John Deering: Narrator

Quotes 

  • Narrator : 1929. As the dizzy decade nears its end, the country is stock market crazy. The great and the humble... the rich man and the working man... the housewife and the shop girl. All take their daily flyer in the market, and no one seems to lose. Then like a bombshell comes that never-to-be-forgotten Black Tuesday, October 29. Confusion spreads throught the canyons of New York's financial district. And men stare wild-eyed at the spectacle of complete ruin. More than 16 and a half million shares change hands in a single day of frenzied selling. The paper fortunes built up over the last few years crumble into nothing before this disaster which is to touch every man woman and child in America.

  • Narrator : [Opening lines - various clips of 1930's news footages are shown]  Today, while the earth shakes beneath the heels of marching troops, while a great portion of the world trembles before the threats of acquisitive power-mad men, we of America have little time to remember an astounding era in our own recent history. An era which will grow more and more incredible with each passing generation until someday people will say it never could have happened at all. April, 1918: almost a million American young men are engaged in a struggle which, they have been told, will make the world safe for democracy.

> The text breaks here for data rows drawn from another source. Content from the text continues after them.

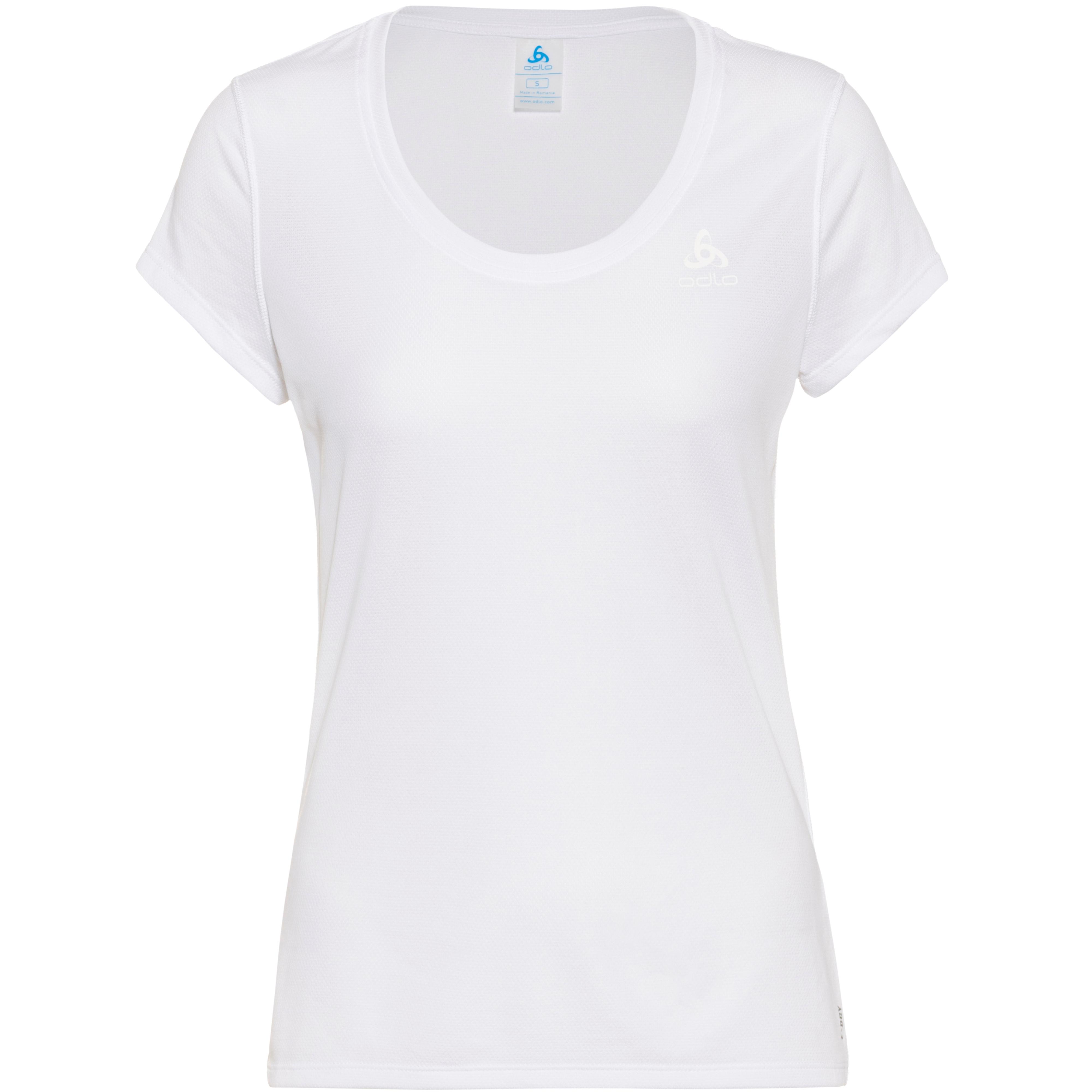 Funktionsshirt aus leichtem, weichem Mesh-Material; Rundhalsausschnitt mit Nackenband; kurze Ärmel; reibungsarme Flachnähte; F-Dry-Technologie; feuchtigkeitsableitend; schnelltrocknend; odlo TCS°-System; schmale Passform; Material 88% Polyester, 12% Polypropylen.
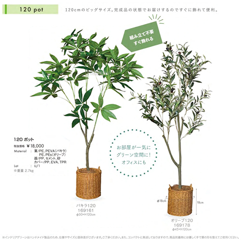 | サイズ | パキラ120:Φ50×H120cm オリーブ120:Φ45×H120cm |
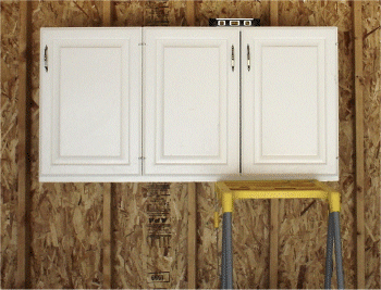 Connie gave us the cabinets after she remodeled her house. We were living in our little student housing apartment at the University of Utah. When you're living in student housing and someone calls you up and says "hey, do you want some cabinets?" you don't hesitate to accept. When we left student housing and moved into our castle on Downhill Road we thought we had plenty of storage space so the cabinets were plunked down on the garage floor and there they stayed. We wanted to make sure we did a good job of hanging the cabinets - a job that Grandpa Ray would be proud of - so we decided to stabilize one end, place a level on top of the cabinets, and then adjust the other end. We hauled out the ladder and Nancy helped me heave one end of the cabinets onto the top of the ladder. I then did my best Atlas impression and held up the other end while Nancy checked the positioning with the level. True carpenters will tell you that the level we used was too short considering the length of the surface we were trying to level. It's a good thing we don't care what true carpenters think. It turns out that trying to get the little bubble to line up just perfectly is like trying to scratch that one itch in the middle of your back. You know the one - no matter how much you contort yourself you just can't quite reach it and end up rubbing your back against the wall while everyone else stares at you and concludes you must have fleas. After several iterations of "up a little bit, down a little bit" we decided (actually, my weak muscles and lack of patience decided - I think Nancy would have been content to adjust that dang thing for another hour or so) it was "good enough" and started driving in the screws. Oops - the screws were too short and only the tip actually made it into the studs. We were worried that they wouldn't hold the load so we propped the cabinets up with the ladder and Nancy set off to Lowe's to procure some longer screws. I'm not a big fan of going to the hardware store - it makes me realize just how handy I'm not. Nancy doesn't seem to mind going so she usually ends up with that particular errand in our family. Anyway, Nancy did a Mario Andretti over to the hardware store and came back with just the right kind of screws. A little action on the DeWalt drill and viola! - we were in Cabinet Heaven. There was only one problem. Check the picture closely - can you spot it? It took us a while to figure it out but the light bulb finally came on ...
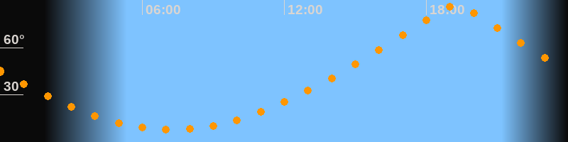 | Höchster Stand (Kulmination) | 19:14 Uhr (h = 86,5°) |
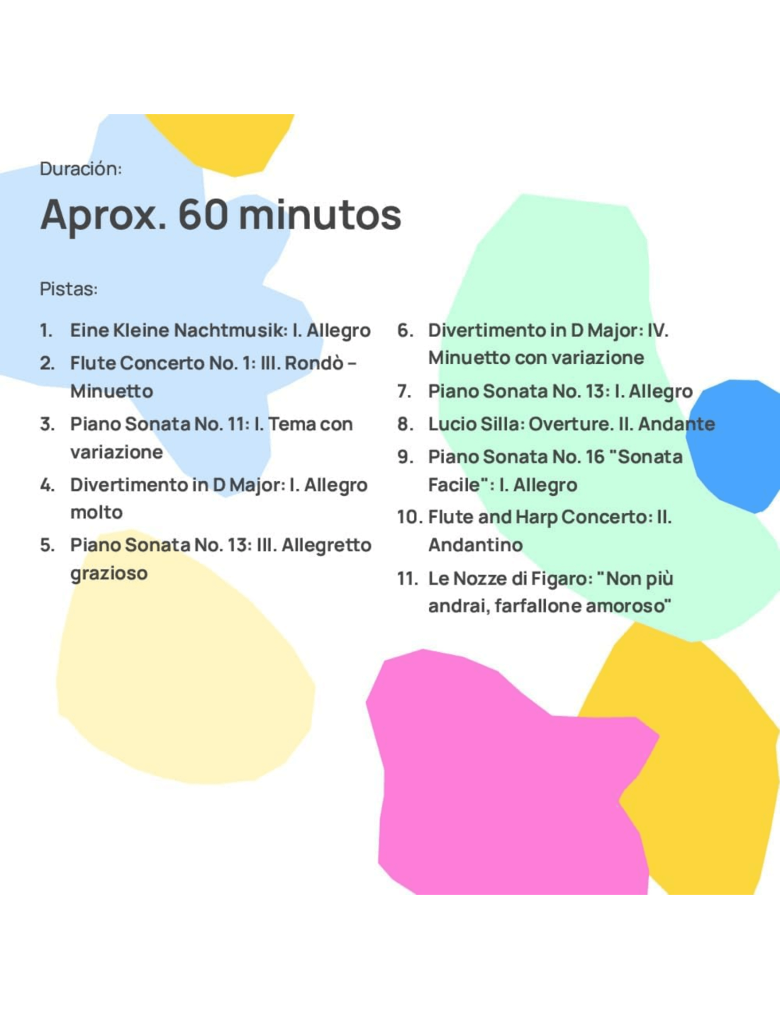 - Incluye una selección de piezas clásicas de Mozart adaptadas a niños.
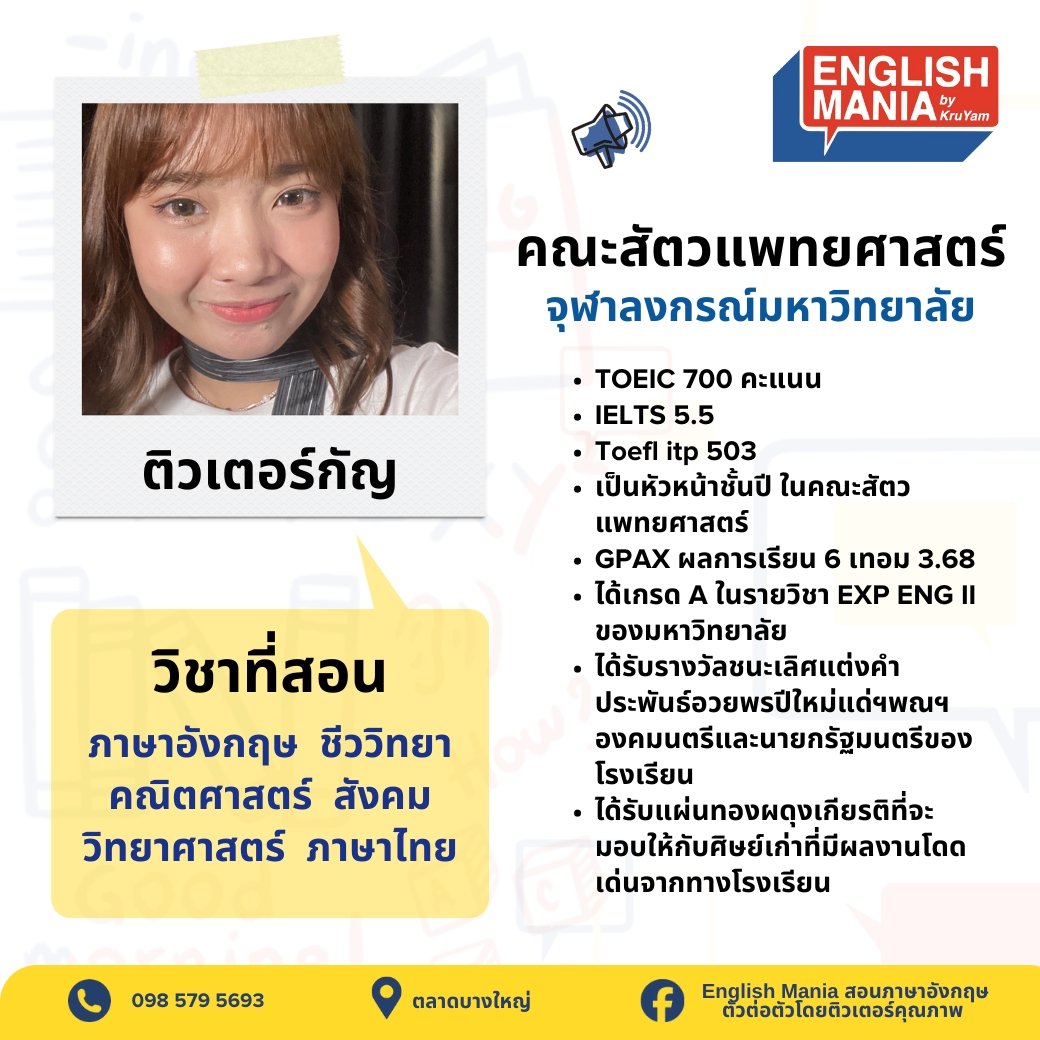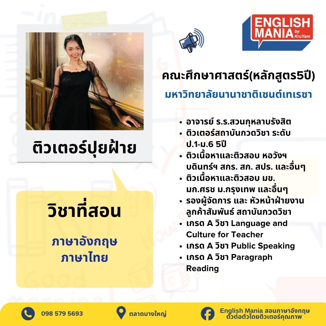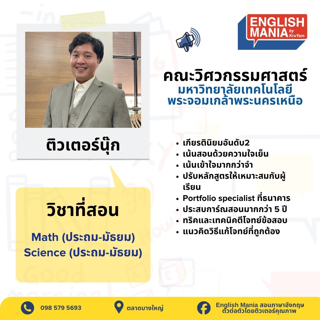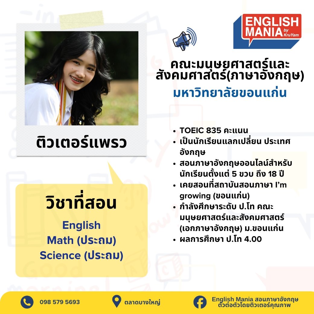 ยินดีต้อนรับสู่บริการติวเตอร์ส่วนตัวที่จะช่วยยกระดับการเรียนรู้ของเด็กๆ ทีมติวเตอร์ของเราประกอบด้วยผู้เชี่ยวชาญที่มีความรู้ลึกซึ้งในสาขาวิชาของตน พร้อมประสบการณ์การสอนที่หลากหลาย เรามุ่งมั่นที่จะปรับวิธีการสอนให้เหมาะกับรูปแบบการเรียนรู้เฉพาะของเด็กๆ ช่วยให้เข้าใจเนื้อหาที่ซับซ้อน เสริมจุดแข็ง และพัฒนาจุดที่ต้องปรับปรุง ด้วยการดูแลอย่างใกล้ชิดและการให้ข้อมูลย้อนกลับที่มีประโยชน์ เราจะช่วยให้เด็กๆ สร้างความมั่นใจในการเรียน พัฒนาทักษะการคิดวิเคราะห์ และบรรลุเป้าหมายทางการศึกษาของเด็กและผู้ปกครอง ไม่ว่าจะต้องการความช่วยเหลือในวิชาใด หรือเตรียมตัวสอบสำคัญ ติวเตอร์ของเราพร้อมที่จะเป็นพันธมิตรในการเรียนรู้ของคุณ มาเริ่มต้นการเดินทางสู่ความสำเร็จทางการศึกษาไปด้วยกันกับเรา
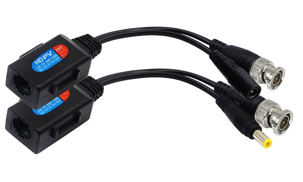 Pasivní balun umožňující přenos video signálu a napájení, pro přenos postačuje kabeláž Cat5. Pasivní přizpůsobení mezi 75 Ohm výstupem/vstupem systémů pro přenos videa a impedancí kabelového vedení UTP. Kontakt pro UTP RJ-45, koax. BNC. Přenáší video a napájení. Celkem využívá 8 vodičů. Napájení není nutné použít, každý přívod vyveden zvlášť. Napájení využívá 6 vodičů. Připojovací konektory připraveny přímo pro napojení na kameru/zdroj, 5,5/2,1 mm jack, samec a samice. Cena za pár.
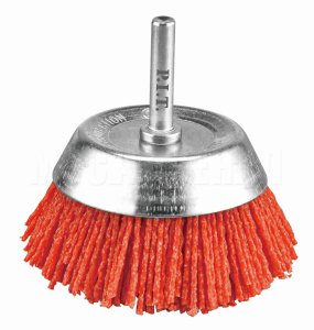Чашечная кордщетка с проволокой из абразивного нейлона. Подходит для щадящей обработки и зачистки поверхностей, подготовки поверхности к покраске, удаления ржавчины, грязи, краски и лаков, а также для получения необходимой шероховатости. Чашеобразная форма и большой диаметр позволяют производить обработку больших поверхностей.
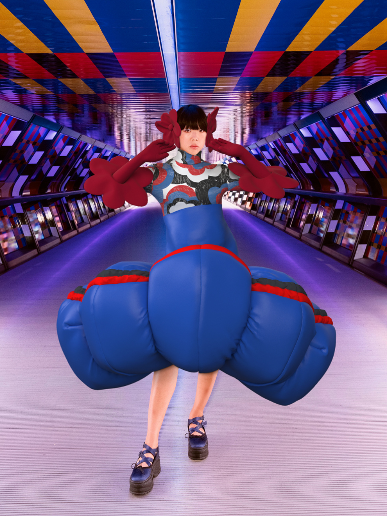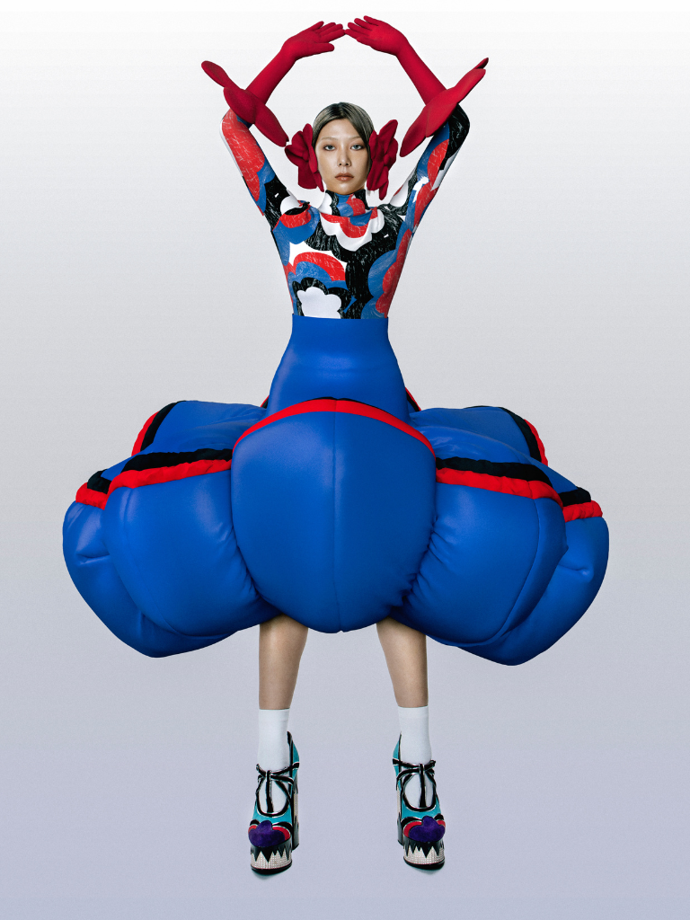 Celine Kwan’s inflatable flower skirt perfectly encapsulates her desire to bring a smile to the faces of people who experience her work. Dramatic, inflatable silhouettes are brought to life by bold, colourful prints – a signature of her brand’s larger-than-life personality.
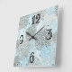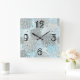 A modern feminine floral pattern in shades of blue and gray with black whimsical clock numbers.
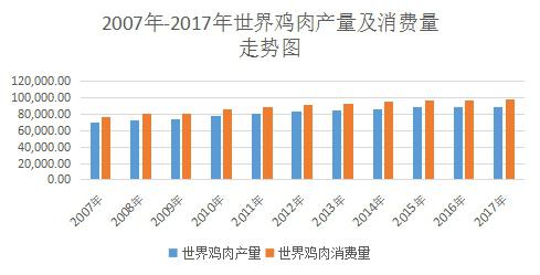 近年來,雞肉產(chǎn)量、銷量呈快速上升趨勢。根據(jù)wind統(tǒng)計(jì)數(shù)據(jù),世界雞肉生產(chǎn)量保持穩(wěn)定增長,從2007年的69447千噸,增長到2017年6月的89470千噸,世界雞肉消費(fèi)量從2007年的76487千噸,增長到2017年6月的98771千噸。
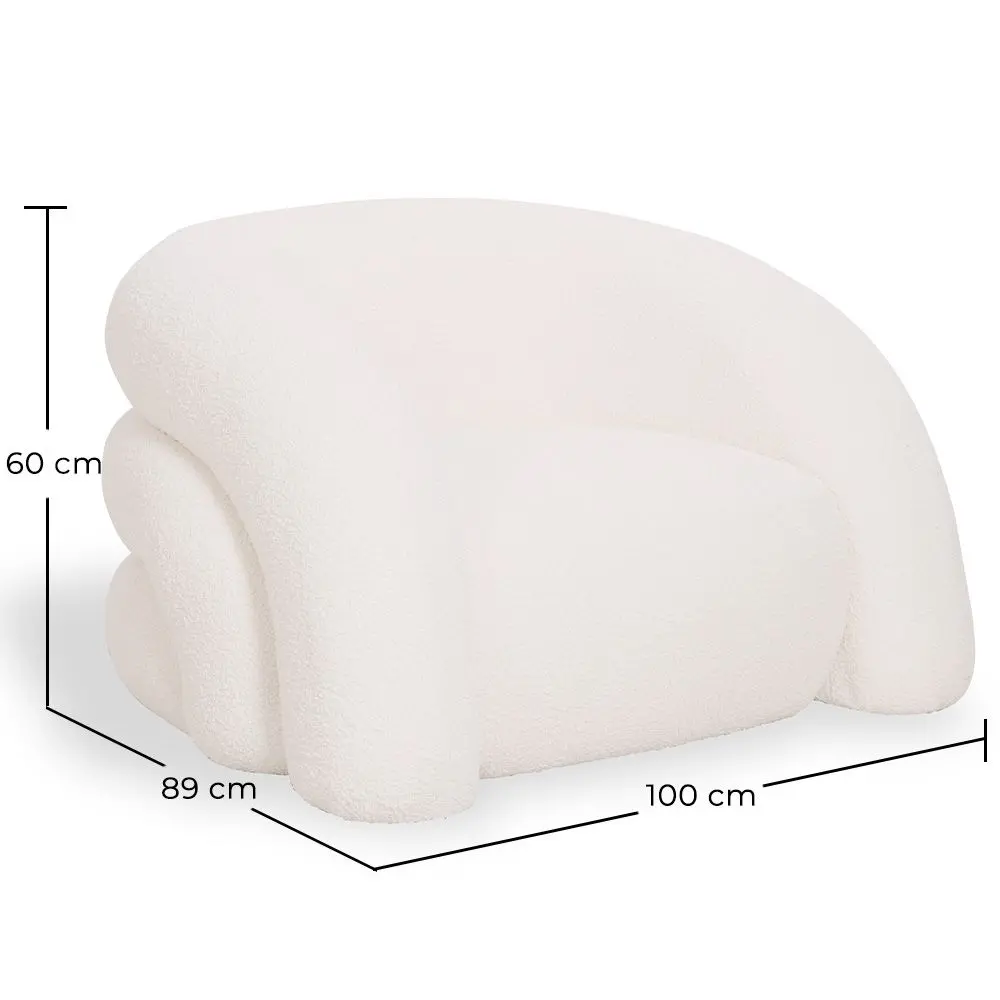 Discover the elegance and comfort of this modern armchair in cream white bouclé fabric, ideal to add a sophisticated touch to your living room, bedroom, or reading corner. Its curved and enveloping design offers a unique relaxation experience, while the bouclé upholstery provides texture, softness, and contemporary style.

    [Scene switches to World War I battlefield action, somewhere in France] 

  • Narrator : An era of amazing madness. Bootlegging has grown from small, individual effort to big business, embodying huge coalitions and combines. The chase after huge profits is followed closely by their inevitable partners: corruption, violence, and murder. A new and powerful tool appears, the Tommy - a light, deadly, wasp-like machine gun and murder henceforth is parceled out in wholesale lots.